Top of Material provided
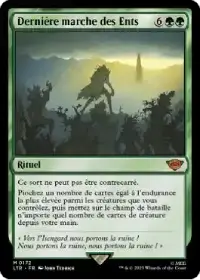 Dernière marche des Ents vous fait piocher autant de cartes que l'endurance la plus élevée parmi vos créatures, avant de vous permettre de poser directement en jeu autant de créatures que vous le souhaitez depuis votre main. Avec les endurances élevées présentes dans votre deck, voilà de quoi totalement déborder vos adversaires.
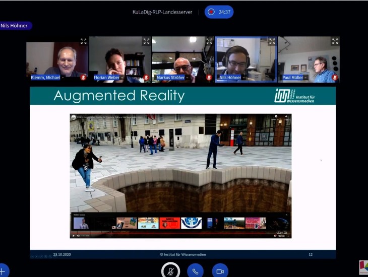 Um in das Thema einzuführen und erste Anregungen zu geben, fand in der letzten Woche unser zweites Webinar zum Thema „AR/VR: Virtuelle Rundgänge in Museen oder Orten / Die Plattform digiCULT“ statt. Nils Höhner vom Institut für Wissensmedien (IWM) der Universität Koblenz-Landau erläuterte den Unterschied von Augmented und Virtual Reality und präsentierte anhand ausgesuchter Beispiele, wie diese Anwendungen im Kulturbereich genutzt werden können.
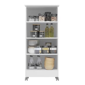 Características Estrutura em MDP de 12mm. Pintura em acabamento UV. 01 Porta articulada com dobradiças metálicas. Puxador na cor bronze. 04 Rodízios. Amplo espaço composto por prateleiras com opções de regulagem na altura.
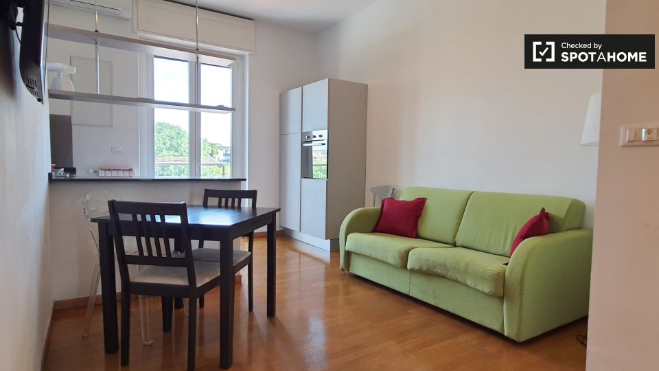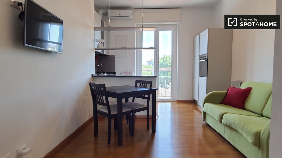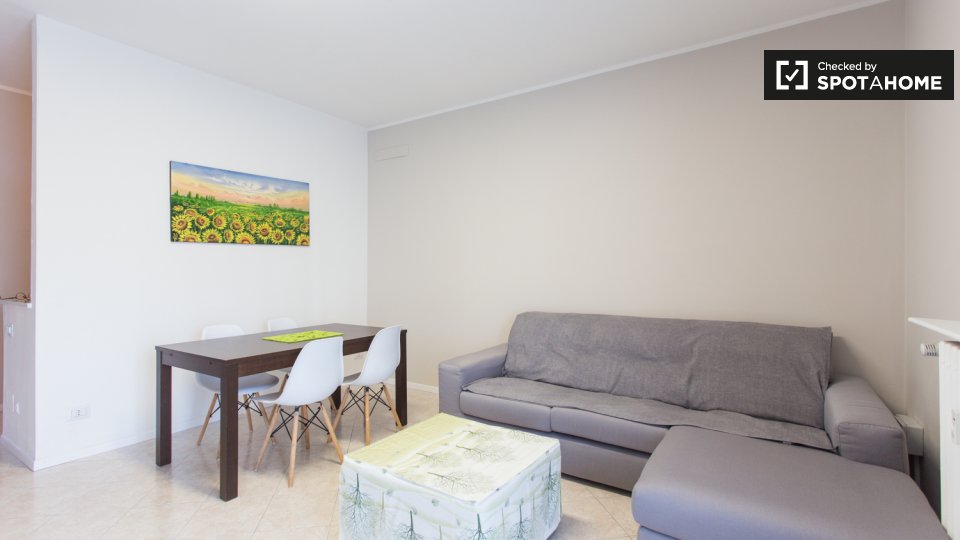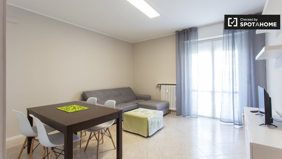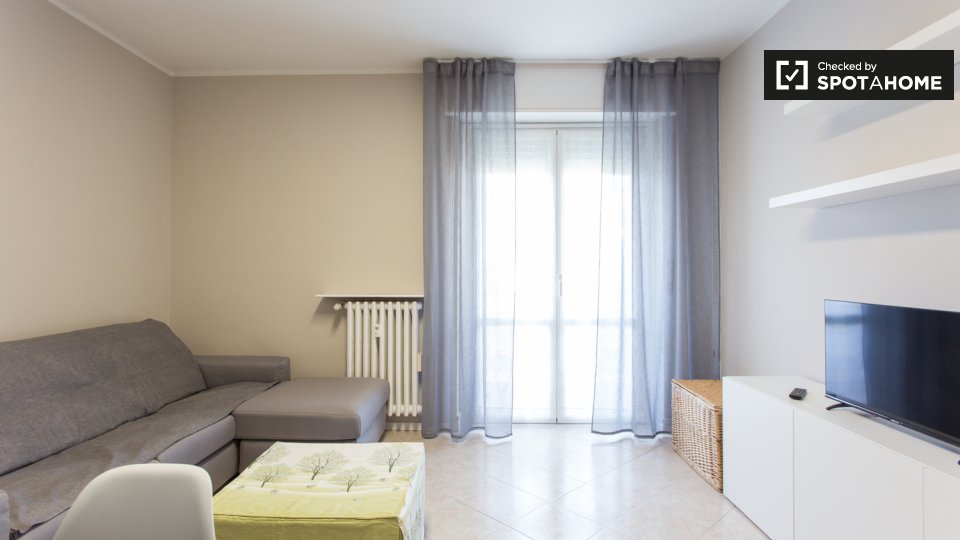 Questo grazioso appartamento con una camera da letto in Bovisa, Milano, è pronto per studenti. L'appartamento è arredato e dispone di un balcone o di una terrazza per godersi il panorama. È dotato di comfort essenziali come aria condizionata, risc...
Bottom of Material provided
(Try it): Drop the pictures; return the lines above from the line containing "Um in das Thema" to the line containing "Características Estrutura em", both included, exactly.

(Task result):
 Um in das Thema einzuführen und erste Anregungen zu geben, fand in der letzten Woche unser zweites Webinar zum Thema „AR/VR: Virtuelle Rundgänge in Museen oder Orten / Die Plattform digiCULT“ statt. Nils Höhner vom Institut für Wissensmedien (IWM) der Universität Koblenz-Landau erläuterte den Unterschied von Augmented und Virtual Reality und präsentierte anhand ausgesuchter Beispiele, wie diese Anwendungen im Kulturbereich genutzt werden können.
 Características Estrutura em MDP de 12mm. Pintura em acabamento UV. 01 Porta articulada com dobradiças metálicas. Puxador na cor bronze. 04 Rodízios. Amplo espaço composto por prateleiras com opções de regulagem na altura.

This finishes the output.